State Bank of India said it raised Rs 15,000 cr by selling its shares in a ‘qualified institutional placement’ or QIP, making it the largest such transaction in Indian share market history.
QIP’s usually involve selling shares exclusively to big institutions such as mutual funds, banks and other investment houses and are cheaper and quicker than other competing methods such as follow-on offers.
The QIP was launched on 5th June 2017.
SBI said the book was oversubscribed and demand exceeded Rs 27,000 cr.
“Exceptionally strong demand came from long only FIIs of over Rs 8000cr,” it added.
Overall FII demand was in excess of Rs 11000cr.
“The issue also saw very strong demand from DIIs, amounting to Rs 8500cr, excluding one large DII,” it said, possibly referring to the LIC.
Given the overwhelming response, the issue was priced at the top end at Rs 287.25/ share, SBI added.
26% of the issue has been taken up by long-only foreign investors, 25% by DIIs (excluding one large DII), and 11% by high quality FII hedge funds.
Long-only refers to funds that buy and keep shares for the longer term, instead of using the shares for trading in the short term.
The QIP will result in the issue of approximately 52.21cr new shares at Rs. 287.25, which will lead to a dilution of 6.05%.
Post the issue, the shareholding of the government of India will fall to 57.07%.
Post issue CRAR for the merged entity will be at 13.64%.

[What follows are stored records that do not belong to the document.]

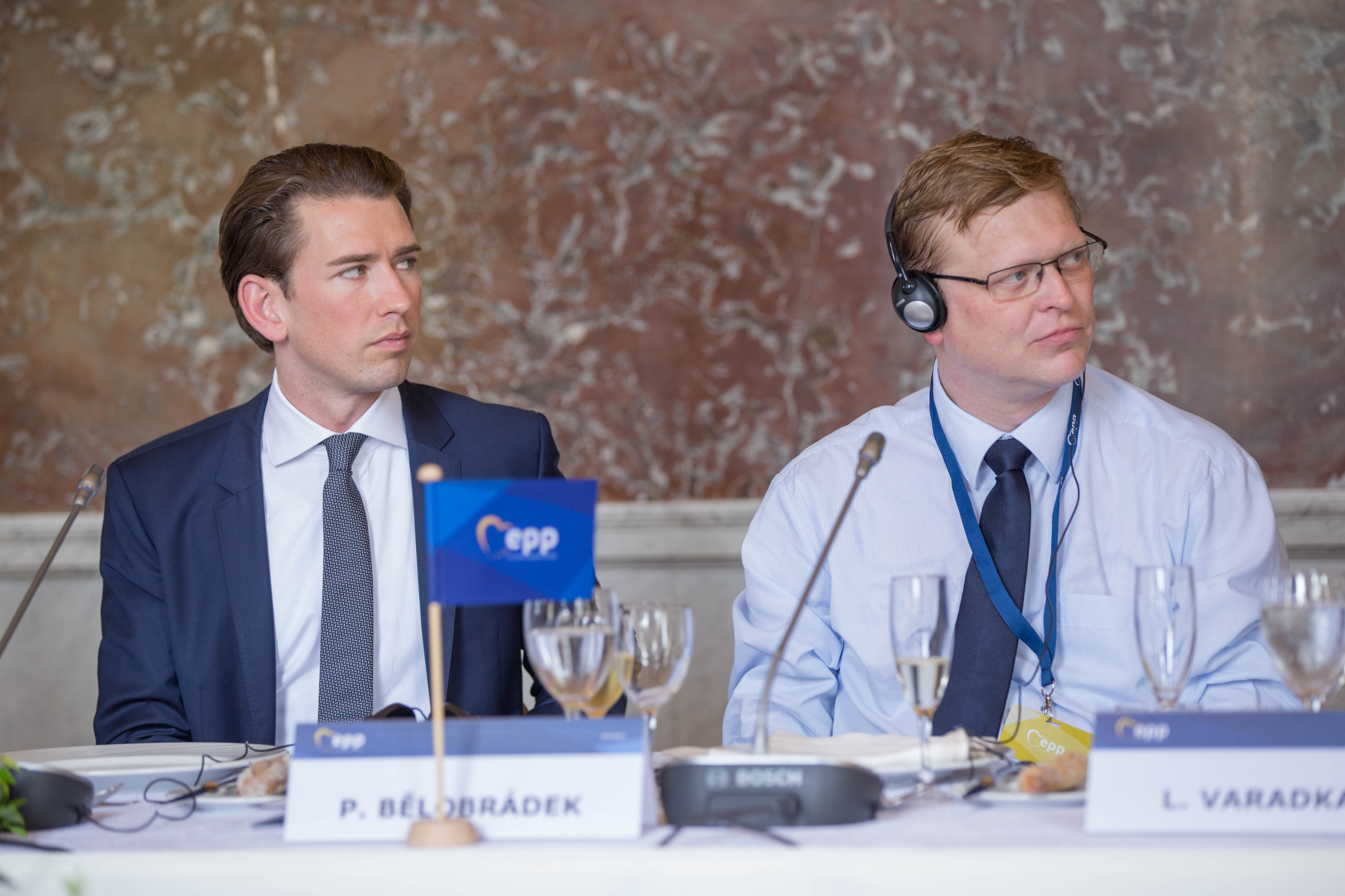 European People's Party Summit in Brussels, June 2017.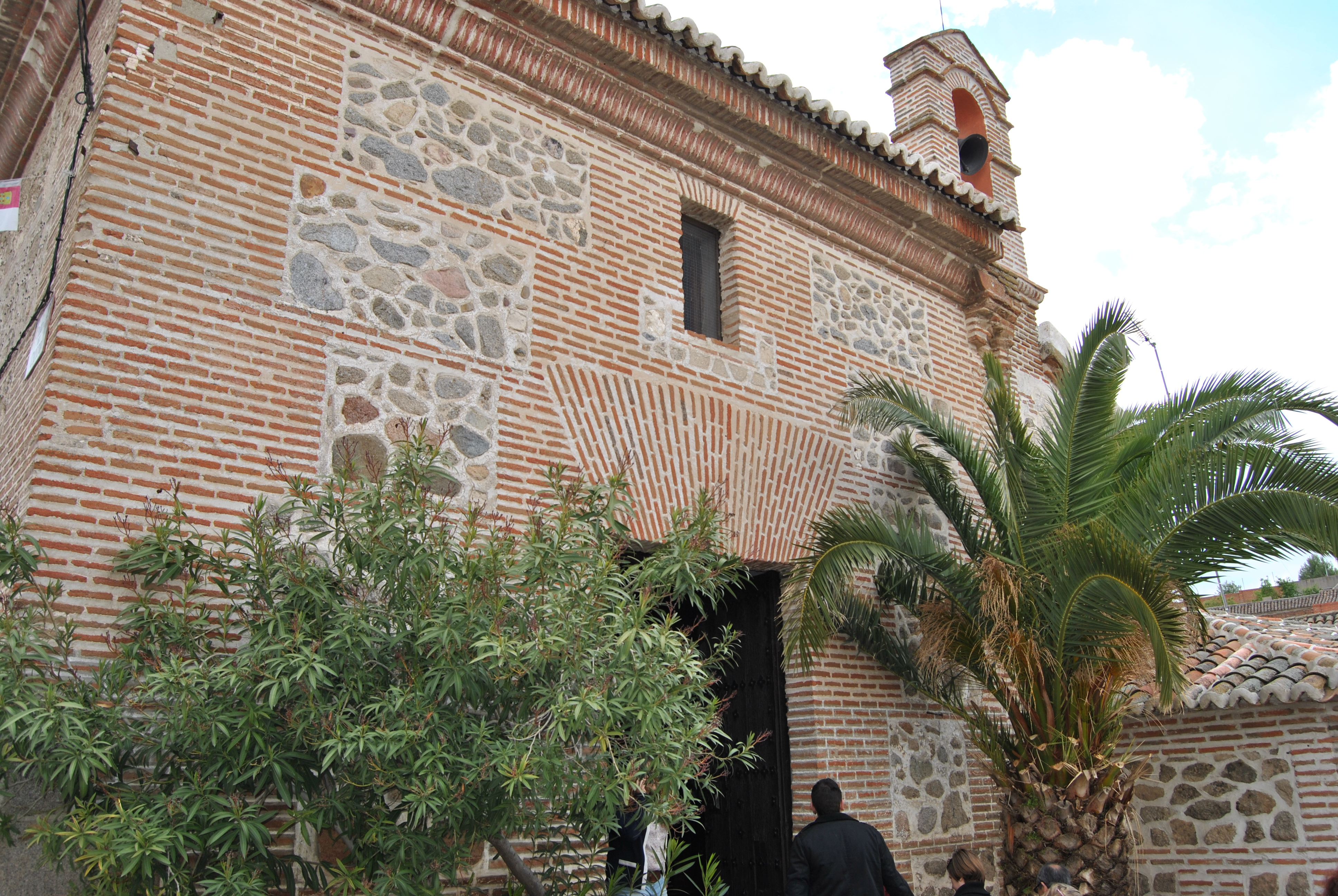 Ermita del Santísimo Cristo de Valdelpozo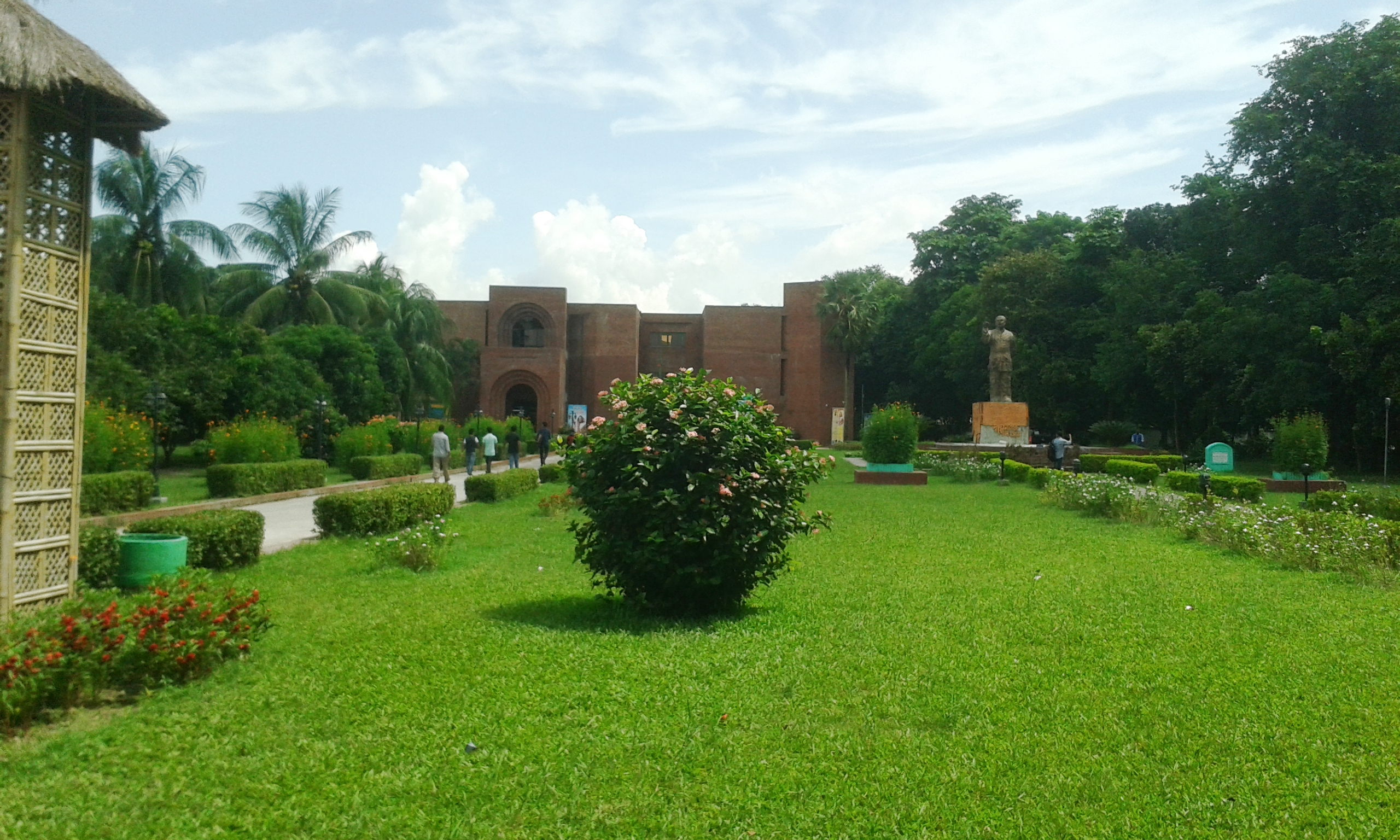 Folk Art and Craft Museum, Sonargaon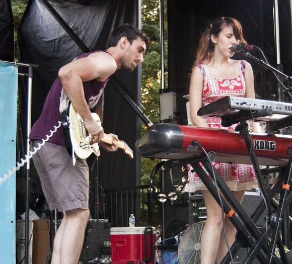 The Narrative performing on Warped Tour in 2011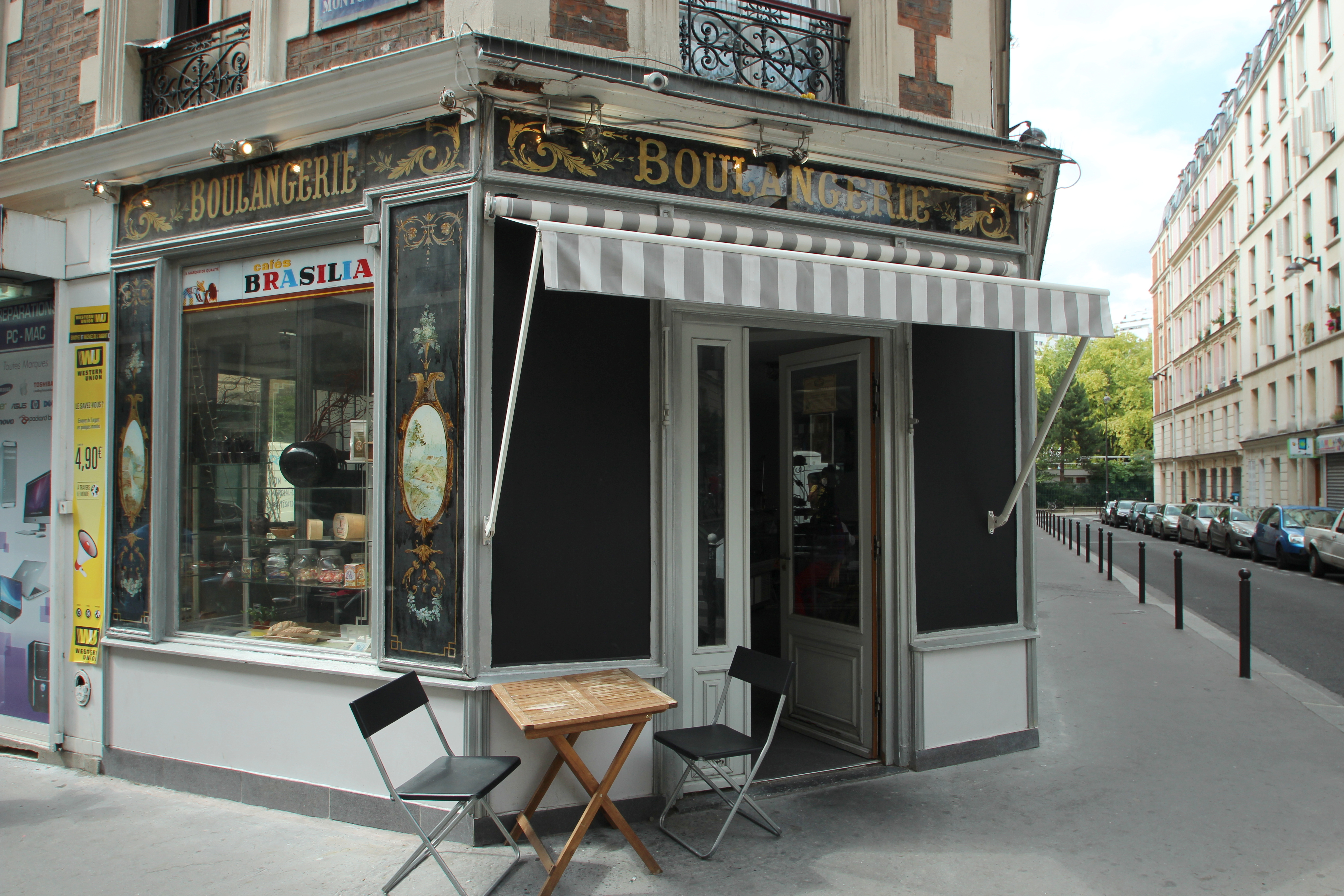 Bakery located 19 Montgallet street in Paris, France. . Object location48° 50′ 36.74″ N, 2° 23′ 15.36″ E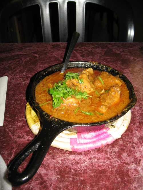 Nicely spiced, went well with the naan. Also consumed during this meal: palak paneer, meat and vegetable samosas, almond kulfi (on a long stick suitable for two). February 27, 2009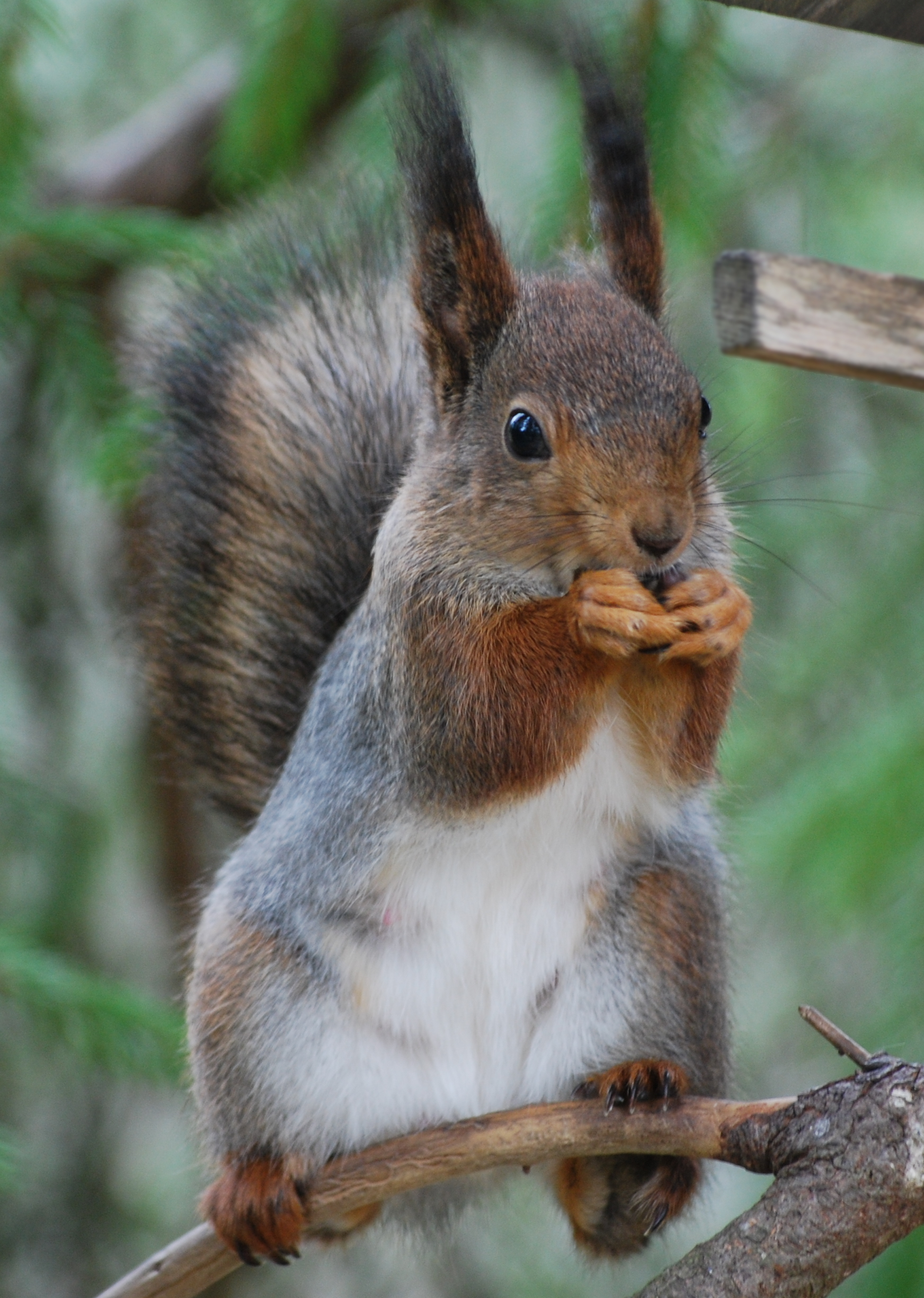 Sciurus vulgaris, Red Squirrel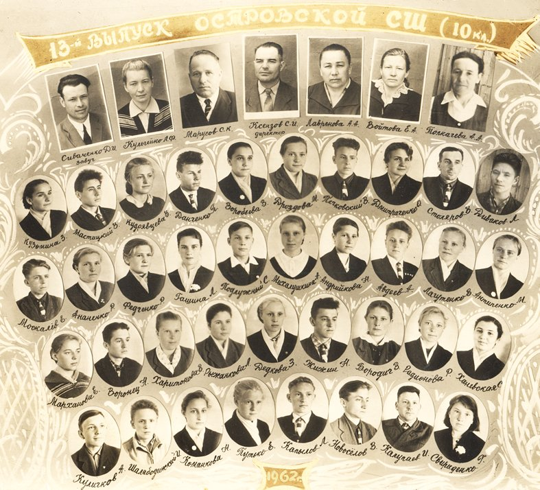 Выпускной в 1962 в деревне Ходосы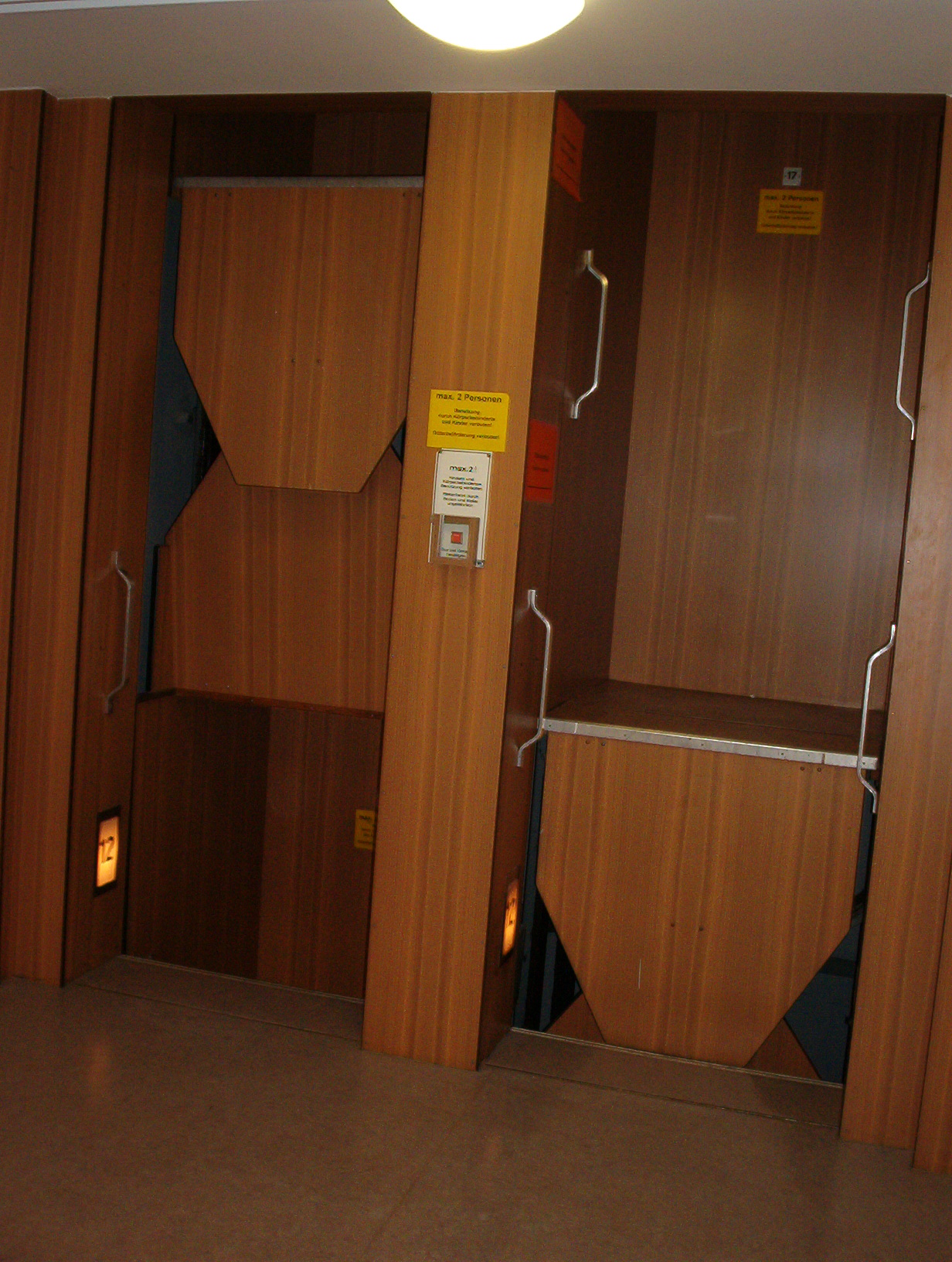 Paternoster elevator at a building belonging to the Normanenstraße campus of the East German Stasi, later used by the Arbeitsamt and in use until 2004. Taken by ProhibitOnions.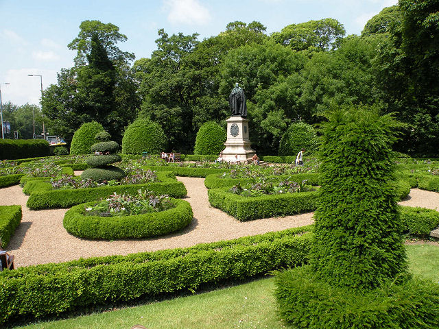 Friary Gardens, Cathays Park, Cardiff, Wales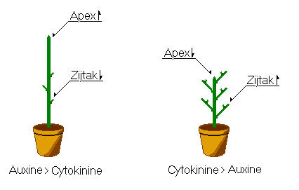 Scheme showing the effect the auxin/cytokin balance has on apical dominance

“The overwhelming response to the QIP from a diverse cross section of investors highlights the faith reposed in SBI by both domestic and foreign institutional investors. The QIP allocation further enhances the diversity of the shareholder base which will add value to the Bank,” it said.
SBI has recently completed a merger involving half a dozen of its associate banks, increasing its size even more.
“Post the merger with erstwhile associate banks, which coincides with the improving economic environment in India, we believe that the Bank is once again at an inflection point where the positive bias will be significant. We expect to leverage the synergies offered by the merger, while continuing to focus on issues such as corporate credit growth and asset quality, thus leading to improvement in return on equity over the long term,” it said.